A little church was established among the earlier settlers and the meetings
at first were held in our house. After working hard all the week it was
difficult for boys to sit still through long sermons without falling asleep,
especially in warm weather. In this drowsy trouble the charming anemone came
to our help. A pocketful of the pungent seeds industriously nibbled while
the discourses were at their dullest kept us awake and filled our minds with
flowers.
The next great flower wonders
on which we lavished admiration, not only for beauty of color and size, but
for their curious shapes, were the cypripediurns, called "lady's-slippers"

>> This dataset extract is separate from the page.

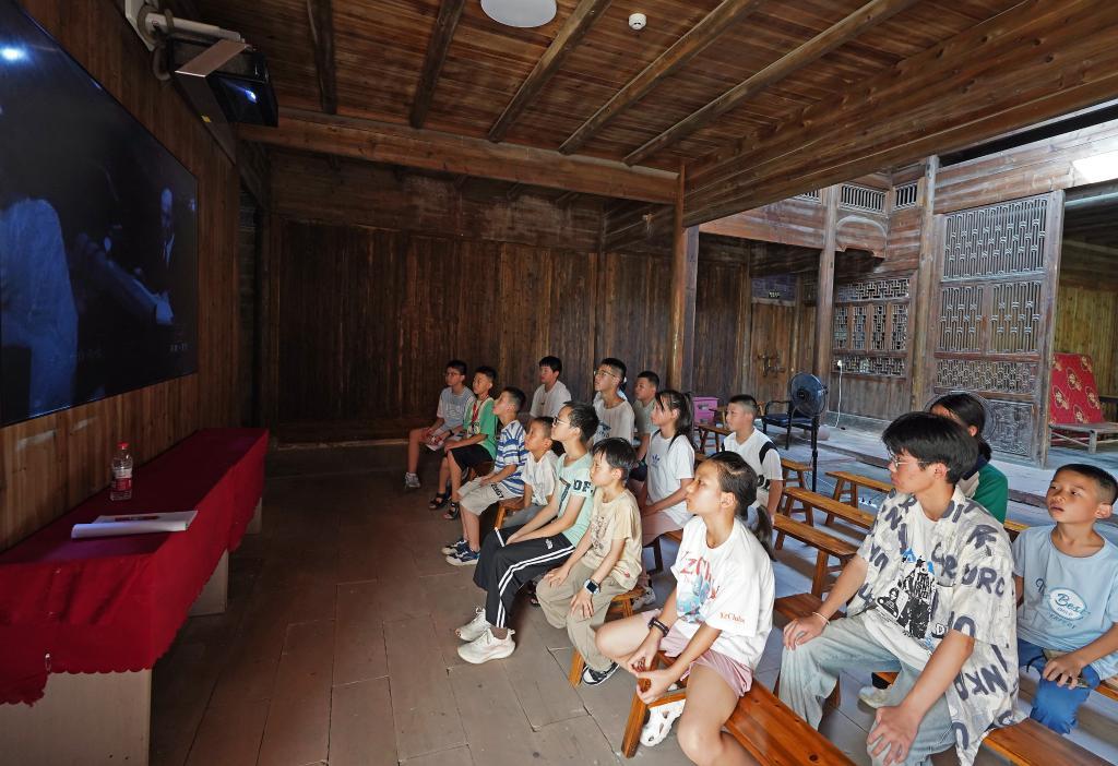 2025年8月1日,孩子們?cè)诿啡戥H故居觀看東京審判紀(jì)錄片。

or "Indian moccasins." They were so different from the familiar flowers of
old Scotland. Several species grew in our meadow and on shady hillsides —
yellow, rose-colored, and some nearly white, an inch or more in diameter,
and shaped exactly like Indian moccasins. They caught the eye of all the
European settlers and made them gaze and wonder like children. And so did
calopogon, pogonia, spiranthes, and many other fine plant people that lived
in our meadow. The beautiful Turk's-turban (Lilium superbum) growing on
stream-banks was rare in our neighborhood, but the orange lily grew in
abundance on dry ground beneath the bur-oaks and often brought Aunt Ray's
lily-bed in Scotland to mind. The butterfly-weed, with its brilliant scarlet
flowers, attracted flocks of butterflies and made fine masses of color. With
autumn came a glorious abundance and variety of asters, those beautiful
plant stars, together with goldenrods, sunflowers, daisies, and liatris of
different species, while around the shady margin of the meadow many ferns in
beds and vaselike groups spread their beautiful fronds, especially the
osmundas (O. claytoniana, regalis, and cinnamomea) and the sensitive and
ostrich ferns.
Early in summer we feasted on
strawberries, that grew in rich beds beneath the meadow grasses and sedges
as well as in the dry sunny woods. And in different bogs and marshes, and
around their borders on our own farm and along the Fox River, we found
dewberries and cranberries, and a glorious profusion of huckleberries, the
fountain-heads of pies of wondrous taste and size, colored in the heart like
sunsets. Nor were we slow to discover the value of the hickory trees
yielding both sugar and nuts. We carefully counted the different kinds on
our farm, and every morning when we could steal a few minutes before
breakfast after doing the chores, we visited the trees that had been wounded
by the axe, to scrape off and enjoy the thick white delicious syrup that
exuded from them, and gathered the nuts as they fell in the mellow Indian
summer, making haste to get a fair share with the sapsuckers and squirrels.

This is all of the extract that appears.